Фенрис помолчал, обдумывая эти его слова. Никогда бы до этого он не подумал, чтобы ему хотелось, чтобы Андерс выжил, и не только для того, чтобы эльф прикончил его лично своими руками. Мысли об этом «чертовом маге», от которого по иронии судьбы зависела его, Хоука и Мерриль судьба, да и судьба всего Средиземья, он тоже решил оставить на потом. Сейчас толку от этого не было никакого. 

- И все же мы пока останемся здесь, - упрямо ответил Фенрис, прямо глядя на Митрандира. – Нам некуда идти… И Хоуку пока что требуется уход! Так что, если вы позволите… 

 Выглядел Фенрис при этих словах решительно и, при том, что он был неловким, когда требовалось что-то просить, еще и так неуверенно, что вместе это давало совершенно умилительный эффект эльфа, которому невозможно в чем-либо отказать. Митрандир рассмеялся, глядя на него, и согласно закивал головой:

- Ладно, сударь Фенрис, будь по-вашему. Оставайтесь здесь, покуда считаешь нужным. Имладрис – это приют всякого, кто в нем нуждается и достаточно вежлив, чтобы просить его, так что, я думаю, в тебе хватит такта и очарования, чтобы лорд Элронд согласился с твоим присутствием. Тем более, что Мерриль оказала такое впечатление на некоторых здешних эльфов, например, на того же Арандиля, что просто непростительно будет вам не остаться в Имладрисе еще на недельку-другую. 

 С этими словами, все еще смеясь и покуривая трубку, Митрандир хлопнул Фенриса по плечу и, лукаво подмигнув, встал и зашагал куда-то в сторону, где вскоре скрылся за близлежащими домами. Эльф, сам не зная почему, тоже улыбнулся и подумал, что, как и было сказано им в начале их разговора, утро выдается добрым, не смотря ни на что, и у него остается благоприятное расположение духа. Он встал и, отпив для храбрости из фонтанчика, устремился быстрым шагом к врачевальным палатам. 
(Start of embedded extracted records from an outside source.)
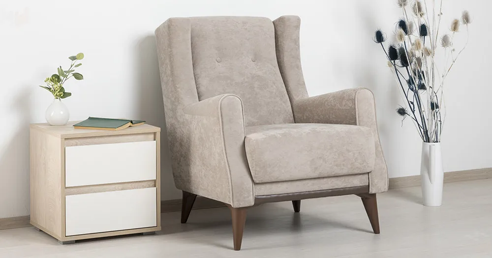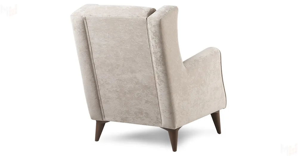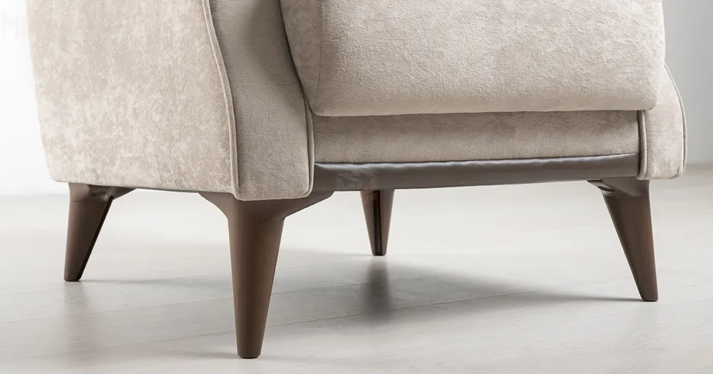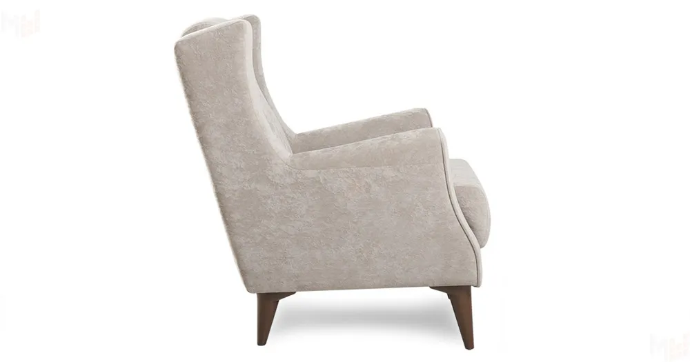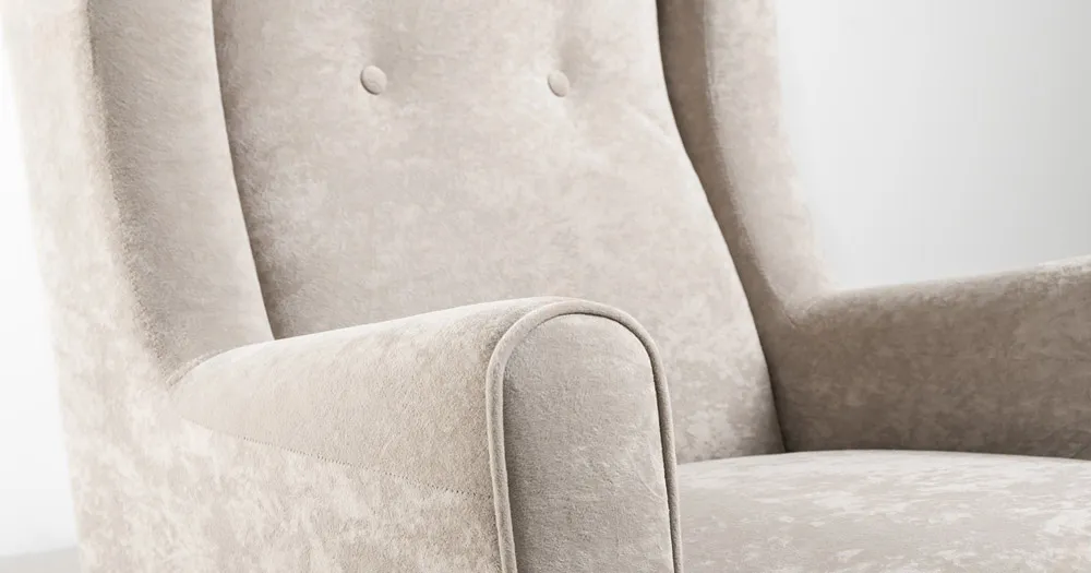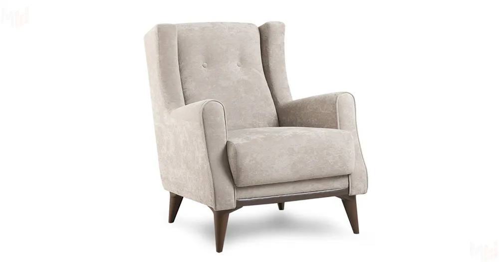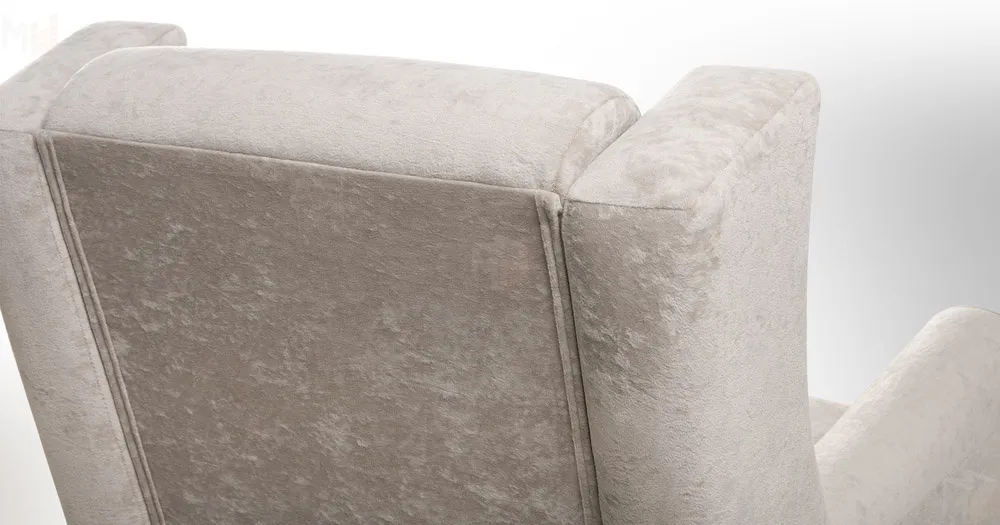 Декоративный кант из основной ткани по переднему торцу подлокотника; Утяжка спинки на 2 декоративные пуговицы из основного материала; Декоративный элемент царги из материала-компаньона.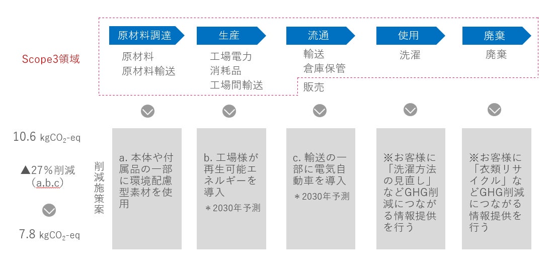 以下の削減施策を実施すれば、ライフサイクル全体のCO2排出量を10.6kgから7.8kgに削減できる(約27%の削減率)という試算結果が算出されました。今後、実現性の評価を以って、実施の検討を進めてまいります。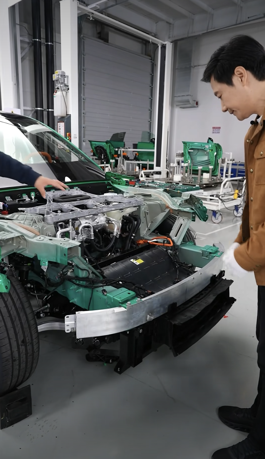小米汽车相关负责人从车身颜色、座椅、玻璃、防护性能等多方面展示了该车型的特别之处,并重点展示了门锁系统的三重电源冗余设计:在极端碰撞场景下,即使主副电源失效,还有专为门锁配备的备份电池,确保车门机械解锁功能始终有效。此外,小米还展示了2200MPa超强钢防滚架、74.4%铝合金前防撞梁、800V高压平台等核心技术。
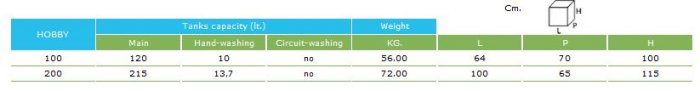 Hot galvanized steel frame. Polyethylene tank. Screw-lid. Strainer filter located under the lid. Hand-washing tank. Suction filter predisposed for self-filling. Diaphragm pump. Pressure regulation unit.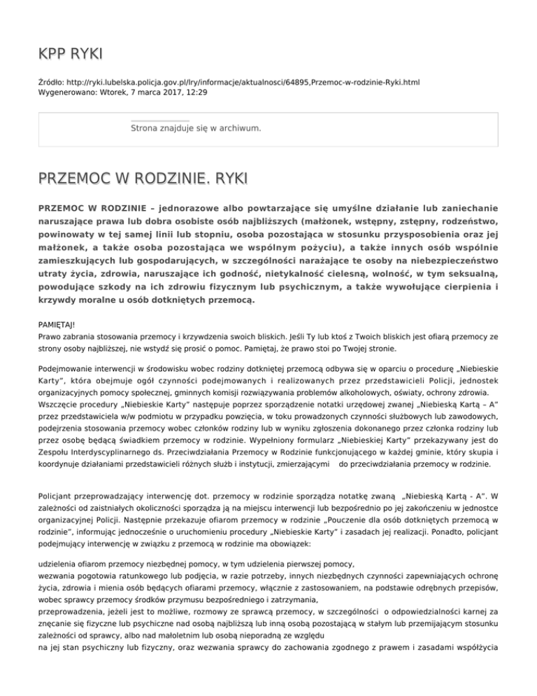 KPP RYKI Źródło: http://ryki.lubelska.policja.gov.pl/lry/informacje/aktualnosci/64895,Przemoc-w-rodzinie-Ryki.html Wygenerowano: Wtorek, 7 marca 2017, 12:29 Strona znajduje się w archiwum. PRZEMOC W RODZINIE. RYKI PRZEMOC W RODZINIE – jednorazowe albo powtarzające się umyślne działanie lub zaniechanie naruszające prawa lub dobra osobiste osób najbliższych (małżonek, wstępny, zstępny, rodzeństwo, powinowaty w tej samej linii lub stopniu, osoba pozostająca w stosunku przysposobienia oraz jej małżonek, a także osoba pozostająca we wspólnym pożyciu), a także innych osób wspólnie zamieszkujących lub gospodarujących, w szczególności narażające te osoby na niebezpieczeństwo utraty życia, zdrowia, naruszające ich godność, nietykalność cielesną, wolność, w tym seksualną, powodujące szkody na ich zdrowiu fizycznym lub psychicznym, a także wywołujące cierpienia i krzywdy moralne u osób dotkniętych przemocą. PAMIĘTAJ! Prawo zabrania stosowania przemocy i krzywdzenia swoich bliskich. Jeśli Ty lub ktoś z Twoich bliskich jest ofiarą przemocy ze strony osoby najbliższej, nie wstydź się prosić o pomoc. Pamiętaj, że prawo stoi po Twojej stronie. Podejmowanie interwencji w środowisku wobec rodziny dotkniętej przemocą odbywa się w oparciu o procedurę „Niebieskie Karty”, która obejmuje ogół czynności podejmowanych i realizowanych przez przedstawicieli Policji, jednostek organizacyjnych pomocy społecznej, gminnych komisji rozwiązywania problemów alkoholowych, oświaty, ochrony zdrowia. Wszczęcie procedury „Niebieskie Karty” następuje poprzez sporządzenie notatki urzędowej zwanej „Niebieską Kartą – A” przez przedstawiciela w/w podmiotu w przypadku powzięcia, w toku prowadzonych czynności służbowych lub zawodowych, podejrzenia stosowania przemocy wobec członków rodziny lub w wyniku zgłoszenia dokonanego przez członka rodziny lub przez osobę będącą świadkiem przemocy w rodzinie. Wypełniony formularz „Niebieskiej Karty” przekazywany jest do Zespołu Interdyscyplinarnego ds. Przeciwdziałania Przemocy w Rodzinie funkcjonującego w każdej gminie, który skupia i koordynuje działaniami przedstawicieli różnych służb i instytucji, zmierzającymi do przeciwdziałania przemocy w rodzinie. Policjant przeprowadzający interwencję dot. przemocy w rodzinie sporządza notatkę zwaną „Niebieską Kartą - A”. W zależności od zaistniałych okoliczności sporządza ją na miejscu interwencji lub bezpośrednio po jej zakończeniu w jednostce organizacyjnej Policji. Następnie przekazuje ofiarom przemocy w rodzinie „Pouczenie dla osób dotkniętych przemocą w rodzinie”, informując jednocześnie o uruchomieniu procedury „Niebieskie Karty” i zasadach jej realizacji. Ponadto, policjant podejmujący interwencję w związku z przemocą w rodzinie ma obowiązek: udzielenia ofiarom przemocy niezbędnej pomocy, w tym udzielenia pierwszej pomocy, wezwania pogotowia ratunkowego lub podjęcia, w razie potrzeby, innych niezbędnych czynności zapewniających ochronę życia, zdrowia i mienia osób będących ofiarami przemocy, włącznie z zastosowaniem, na podstawie odrębnych przepisów, wobec sprawcy przemocy środków przymusu bezpośredniego i zatrzymania, przeprowadzenia, jeżeli jest to możliwe, rozmowy ze sprawcą przemocy, w szczególności o odpowiedzialności karnej za znęcanie się fizyczne lub psychiczne nad osobą najbliższą lub inną osobą pozostającą w stałym lub przemijającym stosunku zależności od sprawcy, albo nad małoletnim lub osobą nieporadną ze względu na jej stan psychiczny lub fizyczny, oraz wezwania sprawcy do zachowania zgodnego z prawem i zasadami współżycia społecznego, przeprowadzenia na miejscu zdarzenia, w przypadkach niecierpiących zwłoki, czynności procesowych w niezbędnym zakresie, w granicach koniecznych do zabezpieczenia śladów i dowodów przestępstwa. Zadania dzielnicowego Czynności na rzecz rodziny wynikające z realizacji procedury „Niebieskie Karty” podejmowane po sporządzeniu „Niebieskiej Karty - A” realizuje dzielnicowy. Dzielnicowy uczestniczy w pracach Zespołu Interdyscyplinarnego/Grupy Roboczej na rzecz danej rodziny i podejmuje działania zmierzające do zapobiegania zagrożeniom m.in. poprzez dokonywanie wizyt sprawdzających stan bezpieczeństwa w środowisku i inicjowanie działań pomocowych. Przeprowadza również rozmowy, w szczególności ze sprawcą przemocy n/t odpowiedzialności karnej za dopuszczenie się przestępstwa znęcania. Pamiętaj! Do podstawowych zadań Policji należy m. in.: 1.Ochrona życia i zdrowia ludzi oraz mienia przed bezprawnymi zamachami naruszającymi te dobra, 2.Inicjowanie i organizowanie działań mających na celu zapobieganie popełnianiu przestępstw i wykroczeń oraz zjawiskom kryminogennym i współdziałanie w tym zakresie z organami państwowymi, samorządowymi i organizacjami pozarządowymi, 3.Wykrywanie przestępstw i wykroczeń oraz ściganie ich sprawców. Jeżeli doświadczasz przemocy w rodzinie lub jesteś świadkiem cierpienia innej osoby z powodu: bicia, kopania, szarpania za włosy, popychania, okaleczania, duszenia, przypalania, szantażowania, straszenia, upokarzania, poniżania, obrzucania wulgarnymi wyzwiskami, wyrzucania z domu, nadmiernego kontrolowania, zmuszania do odbywania stosunków seksualnych lub poddawania się nieakceptowanym przez nią zachowaniom seksualnym, uzależnienia finansowego od swojego partnera, który zakazuje jej podjęcia pracy, nie daje pieniędzy na zaspokajanie podstawowych potrzeb, zaniedbywania dzieci, osób starszych, chorych (dot. pozbawienia elementarnej opieki lekarskiej, głodzonych lub wykorzystywanych), powiadom Policję lub inne służby zajmujące się przeciwdziałaniem przemocy w rodzinie w rejonie Twojego miejsca zamieszkania. Wykaz instytucji i organizacji pomocowych udzielających wsparcia osobom pokrzywdzonym przemocą w rodzi

 Погода вполне располагала к оптимистичному духу эльфа. В воздухе стояла стойкая свежая прохлада, как перед дождем, но тот пока и не думал собираться, а тучки лишь полупрозрачной пеленой гнездились на небосклоне, не предвещая непогоды, но закрывая собой солнечный свет, и без того слабый и по-зимнему холодный. Такая «и не зима, и не осень, и не лето» очень устраивала Фенриса и он радовался такой погоде. Он радовался и тому, что белая челка таки улеглась на его лбу так, как ему хотелось. А еще эльф радовался тому, что судьба преподнесла ему еще один шанс быть, наконец, с Хоуком, и он решил, что не хочет знать, почему тот предпочел уйти с Андерсом в другой мир и оставить Мерриль и Фенриса в Тедасе.

 Или убеждал себя, что не хочет знать, потому что сам-то на самом деле очень даже знал, но боялся себе признаться в этом. Ведь Фенрис прекрасно помнил, как поднял оружие на Хоука в «Висельнике», когда Данариус приказал ему. И, хотя человек уже много позже сказал ему, что эльф прощен, сам себе Фенрис так и не смог отпустить подобный проступок. Может, и Хоук не смог? Что ж, так оно, или иначе, но эльф добрался до палат врачевания. 

Еще не войдя в палату Хоука, он услышал голоса по меньшей мере двух эльфов, которые, помимо самого человека, были внутри. Едва он переступил порог, как тут же увидел, что в комнате творится некоторое оживление. С человеком были Мерриль и Арандиль, они о чем-то ему увлеченно рассказывали. Хоука эльф застал с улыбкой слушающего их и попутно переодевающегося из своего прежнего тряпья в одежды, любезно предоставленные ривенделльскими эльфами. Фенрис неуверенно постучал по косяку двери и тихонько кашлянул, взглянув на Хоука. Вид улыбающегося любимого снова заставил его сердце пропустить удар, но эльф постарался собраться и справиться со смущением и, главное, - со стыдом. А за вчерашнюю выходку ему было очень стыдно и перед Хоуком, и перед Мерриль. 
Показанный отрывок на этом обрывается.